Read through the listing and copy every line that contains the word "Israeli".

========================

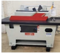
ID# 39 Cantek R18 straightline rip saw, no motor
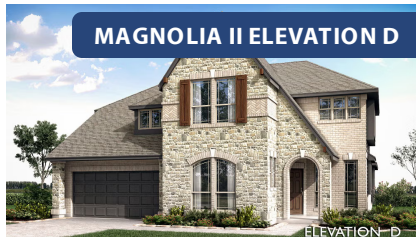
MAGNOLIA II ELEVATION D
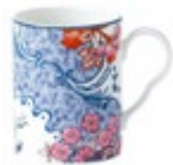
Mug 0437 190
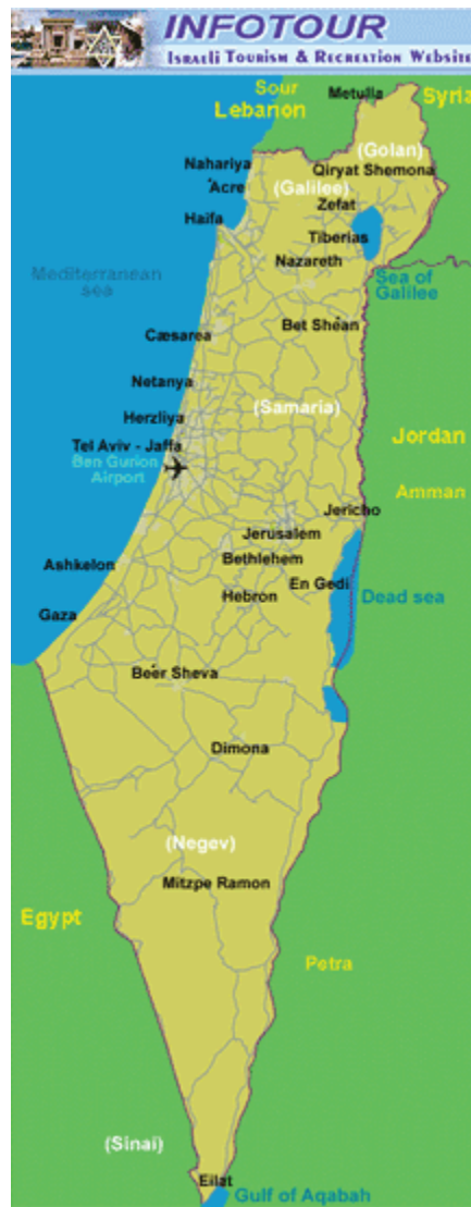
Figure 3 Visual images of a nation: website displaying map for Israeli tourism

There is a large version of the Israeli Tourism map [PDF] .
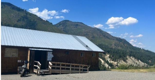
Temporary Village Office at Old Mill Site

In 2023, the Village of Lytton focused on both core municipal operations and recovery operations. Some of the key accomplishments are described below.
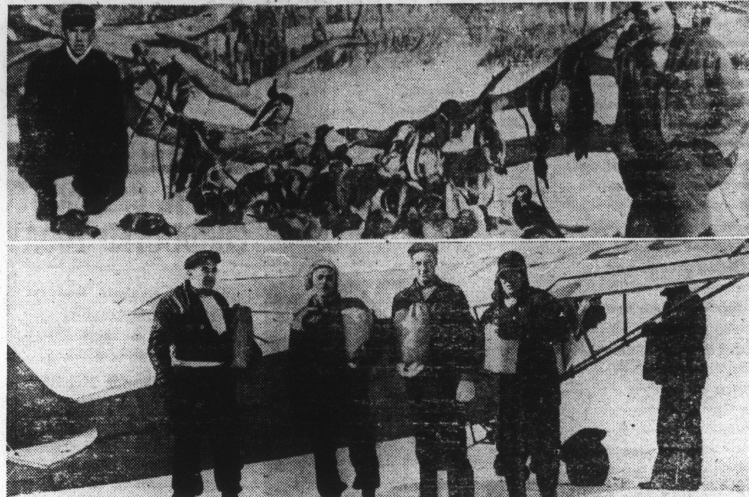
More than 50,000 wild ducks were saved from starvation when Illinois sportsmen distributed six tons of grain from the air along the Illinois river in the LaSalle region. The feed was distributed by the airplanes in ice-locked sloughs and back waters. Top: Some of the hundreds of ducks already dead from starvation. Bottom: Loading shelled corn in the plane at the LaSalle-Peru, Ill., airport.
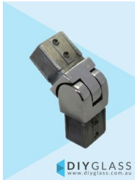
25x21mm Adj, Vertical Joiner for Glass Top Rail
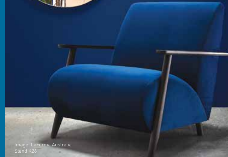
Image: LaForma Australia Stand K26

Australia's premier destination for the furniture industry
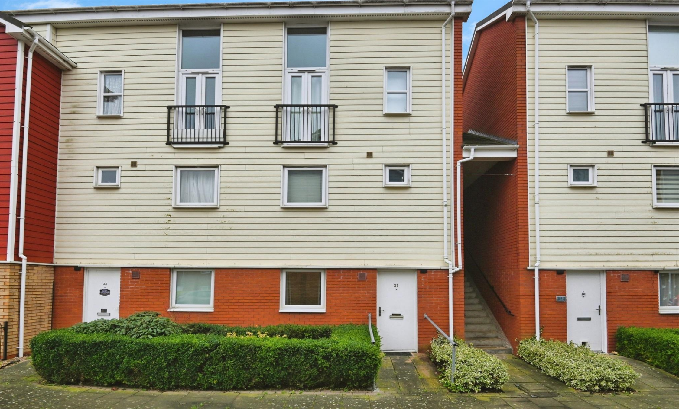
Merlin Walk, Birmingham B35 6QL

Not for marketing purposes INTERNAL USE ONLY
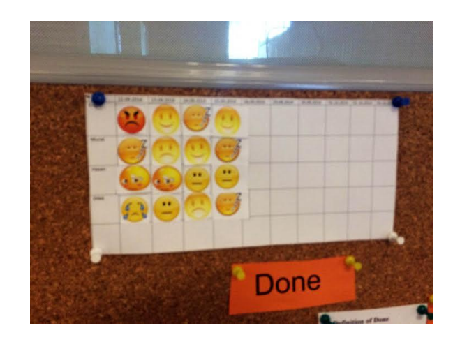
View from the board of a team working on how to enhance the efficiency by observing the daily modes of the team members.

Teams better manage daily work and take responsibility as they see the work to be done on the Sprint Backlog and the remaining work on the Burndown Chart. Thus, there is no need for the Product Owner or any other person to put pressure on the team members to get the work done.
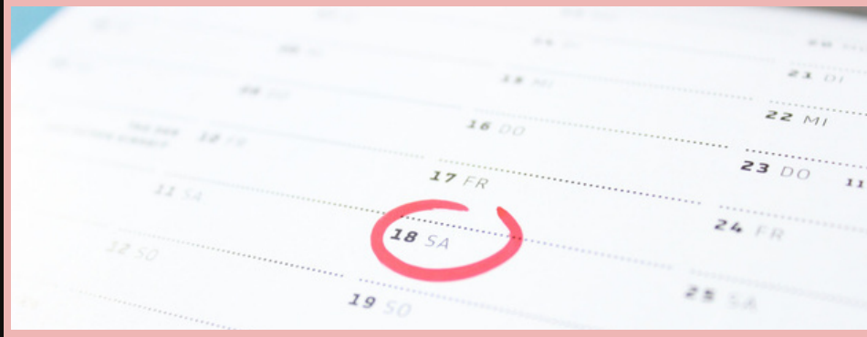
Appointment Setting & Calendar Management

========================

## [Answer to the problem]
Figure 3 Visual images of a nation: website displaying map for Israeli tourism
There is a large version of the Israeli Tourism map [PDF] .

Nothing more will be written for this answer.